Invalid Unicode encodings in Facebook data exports
An interesting case study of how even a large company can get Unicode encoding wrong in their data export format.
When you remove your Facebook account, you can download a copy of your data so that years of savvy punchlines are not lost for posterity.
What you get is a massive ZIP that contains JSON, images etc. The next logical step
is to import the posts into ElasticSearch, so that they are easily searchable. A regular
json.import() however gets you garbled output, if you happened to write in one of many
languages that use non-ASCII characters.
The issue is non-obvious on the first look. They’re using the \u escape sequences
to encode the Unicode characters, right?
000022a0 6c 69 20 7a 61 77 69 65 72 61 6a 5c 75 30 30 63 |li zawieraj\u00c|
000022b0 34 5c 75 30 30 38 35 63 79 63 68 20 5c 22 74 72 |4\u0085cych \"tr|
Well, no.
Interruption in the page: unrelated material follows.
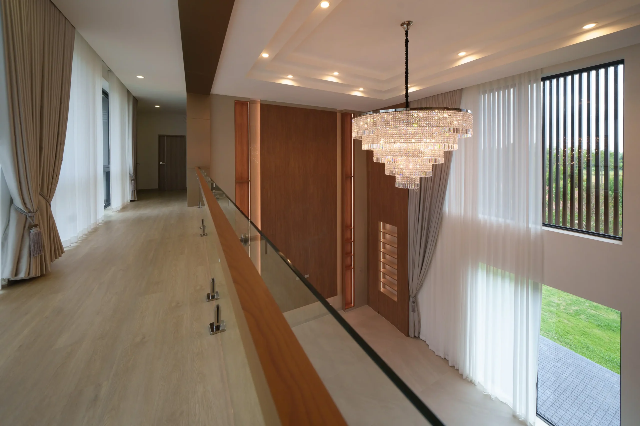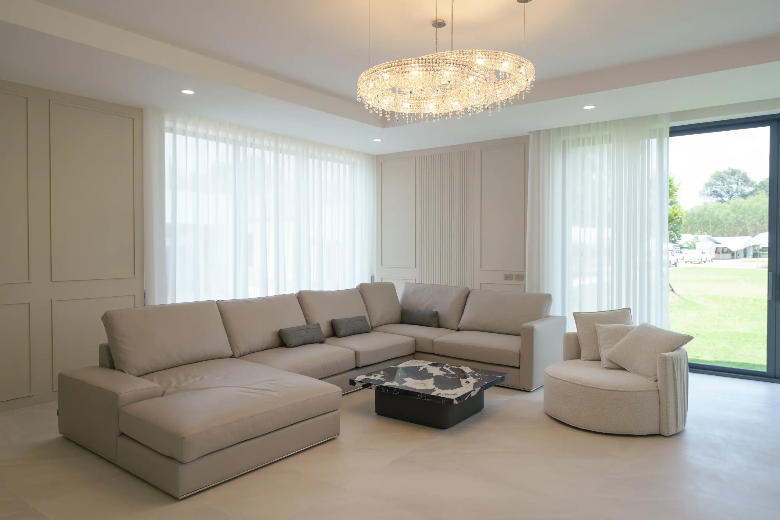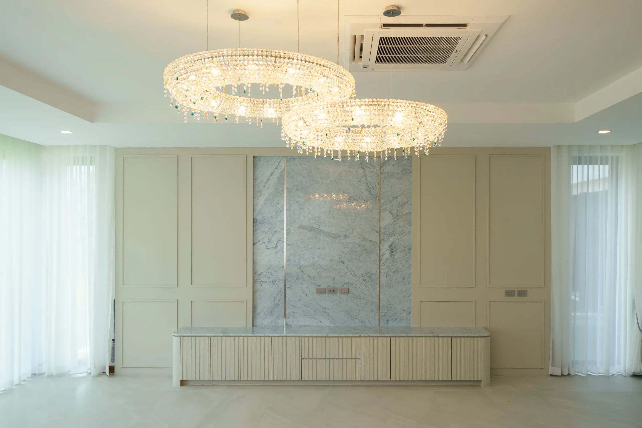 เพิ่มความหรูหราด้วยแชนเดอเลียร์คริสตัลฟอร์มวงกลมซ้อนชั้น ที่นอกจากจะเป็นจุดนำสายตาแล้วยังช่วยกระจายแสงไฟทั่วห้อง เสริมบรรยากาศให้บ้านอบอุ่นด้วยการจัดแสงฟซ่อนหลุมฝ้าและไฟดาวน์ไลท์อุณหภูมิสี Warm White ช่วยไล่ระดับแสงให้นุ่มนวล สบายตา ลดทอนความแข็งของวัสดุให้ดูอบอุ่นน่าพักผ่อน และเพิ่มความหรูหรา กับหน้าต่างบานใหญ่พร้อมผ้าม่านโปร่งแสง (Sheer Curtain) ช่วยกรองแสงแดดแรงๆ ให้กลายเป็นแสงนวลฟุ้งกระจายทั่วห้อง ให้ความรู้สึกเหมือนอยู่ในรีสอร์ตหรูตลอดทั้งวัน

What was there originally is a Polish language diacritic character ą
called U+105 (LATIN SMALL LETTER A WITH OGONEK) in Unicode. Proper JSON
encoding would produce the following:
> print(json.dumps('ą'))
"\u0105"
The \u escape sequence encodes an Unicode character
with the code point that follows next, so \u0105 encodes the U+105 ą
character.
Unicode code point vs encoding
So what are these \u00c4\u0085c? Comes out it’s a binary representation
of UTF-8 encoded character U+105.
- Unicode code-point (U+105) is basically just the number of the character
in the Unicode catalogue, which is literally a book, where
U+0061is lettera,U+0062is letterband so on, until finallyU+105is letterą. Any compatible JSON processor will decode the escape sequence\u0105as letterą. - The escape sequence occupies 6 bytes, which is a lot for just a single character. To save space there’s a whole lot of ways how an Unicode character, an abstract object referenced by its code point, can be encoded into a sequence of bytes.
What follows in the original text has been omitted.